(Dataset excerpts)
-.-.-

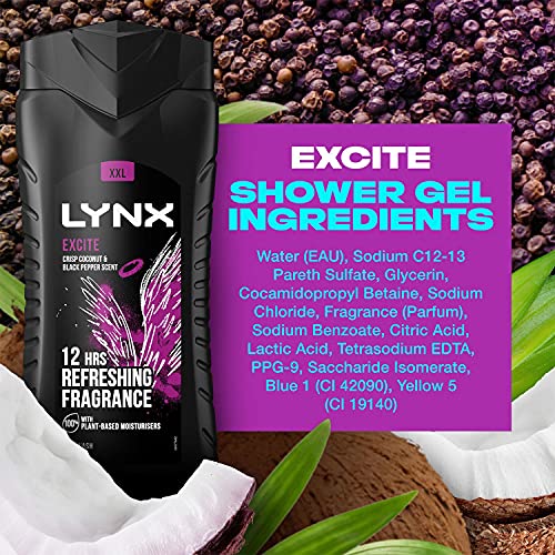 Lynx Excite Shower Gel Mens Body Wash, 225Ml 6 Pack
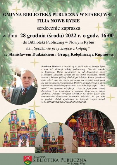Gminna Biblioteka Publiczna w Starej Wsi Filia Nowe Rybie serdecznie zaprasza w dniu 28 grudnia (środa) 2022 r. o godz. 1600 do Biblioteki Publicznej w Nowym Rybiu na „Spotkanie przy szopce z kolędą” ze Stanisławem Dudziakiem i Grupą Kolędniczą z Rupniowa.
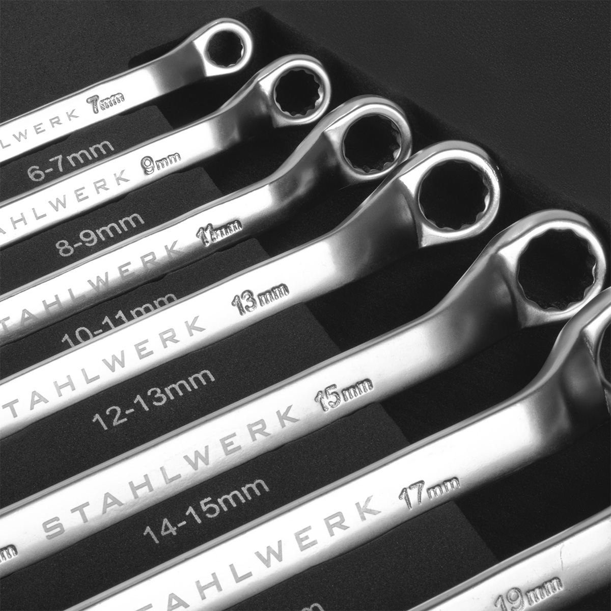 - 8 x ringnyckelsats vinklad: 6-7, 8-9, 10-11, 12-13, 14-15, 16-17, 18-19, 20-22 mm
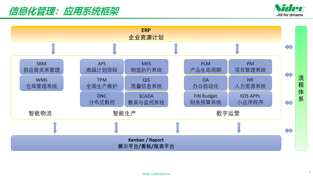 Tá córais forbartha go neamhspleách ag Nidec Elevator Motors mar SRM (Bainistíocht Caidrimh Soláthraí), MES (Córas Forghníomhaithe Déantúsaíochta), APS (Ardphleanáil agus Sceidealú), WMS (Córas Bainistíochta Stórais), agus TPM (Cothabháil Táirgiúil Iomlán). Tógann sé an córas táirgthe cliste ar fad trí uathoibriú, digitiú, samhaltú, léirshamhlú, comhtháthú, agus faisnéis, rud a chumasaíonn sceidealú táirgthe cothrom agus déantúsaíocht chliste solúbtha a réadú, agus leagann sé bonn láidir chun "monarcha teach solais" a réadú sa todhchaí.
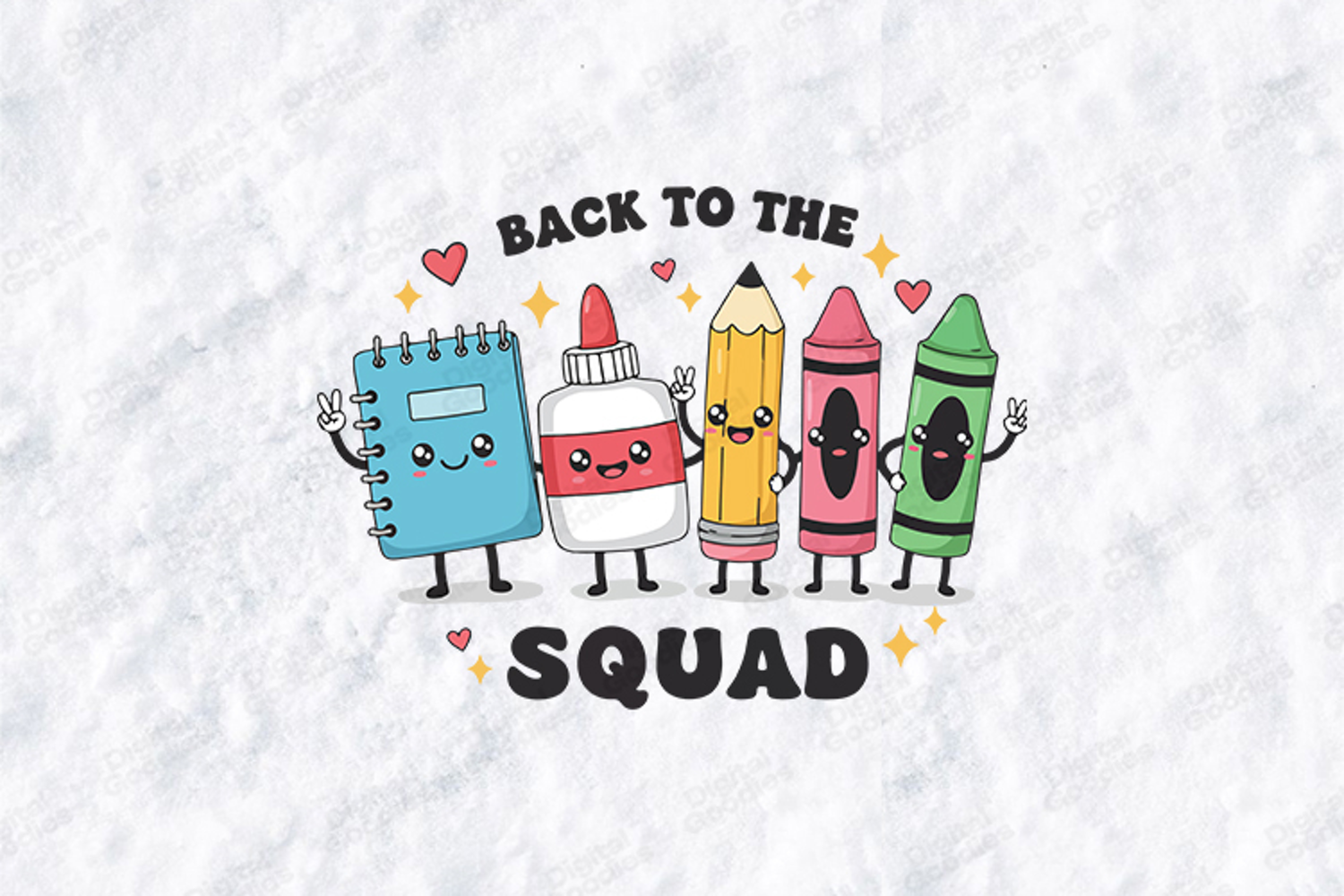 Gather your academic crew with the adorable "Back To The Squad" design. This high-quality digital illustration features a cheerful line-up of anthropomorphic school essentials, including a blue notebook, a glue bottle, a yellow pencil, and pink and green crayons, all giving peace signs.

-.-.-

### EXERCISE DIRECTIONS
Can you restate all the records above word for word while dropping the pictures?

### EXERCISE ANSWER
 Lynx Excite Shower Gel Mens Body Wash, 225Ml 6 Pack
Gminna Biblioteka Publiczna w Starej Wsi Filia Nowe Rybie serdecznie zaprasza w dniu 28 grudnia (środa) 2022 r. o godz. 1600 do Biblioteki Publicznej w Nowym Rybiu na „Spotkanie przy szopce z kolędą” ze Stanisławem Dudziakiem i Grupą Kolędniczą z Rupniowa.
 - 8 x ringnyckelsats vinklad: 6-7, 8-9, 10-11, 12-13, 14-15, 16-17, 18-19, 20-22 mm
 Tá córais forbartha go neamhspleách ag Nidec Elevator Motors mar SRM (Bainistíocht Caidrimh Soláthraí), MES (Córas Forghníomhaithe Déantúsaíochta), APS (Ardphleanáil agus Sceidealú), WMS (Córas Bainistíochta Stórais), agus TPM (Cothabháil Táirgiúil Iomlán). Tógann sé an córas táirgthe cliste ar fad trí uathoibriú, digitiú, samhaltú, léirshamhlú, comhtháthú, agus faisnéis, rud a chumasaíonn sceidealú táirgthe cothrom agus déantúsaíocht chliste solúbtha a réadú, agus leagann sé bonn láidir chun "monarcha teach solais" a réadú sa todhchaí.
 Gather your academic crew with the adorable "Back To The Squad" design. This high-quality digital illustration features a cheerful line-up of anthropomorphic school essentials, including a blue notebook, a glue bottle, a yellow pencil, and pink and green crayons, all giving peace signs.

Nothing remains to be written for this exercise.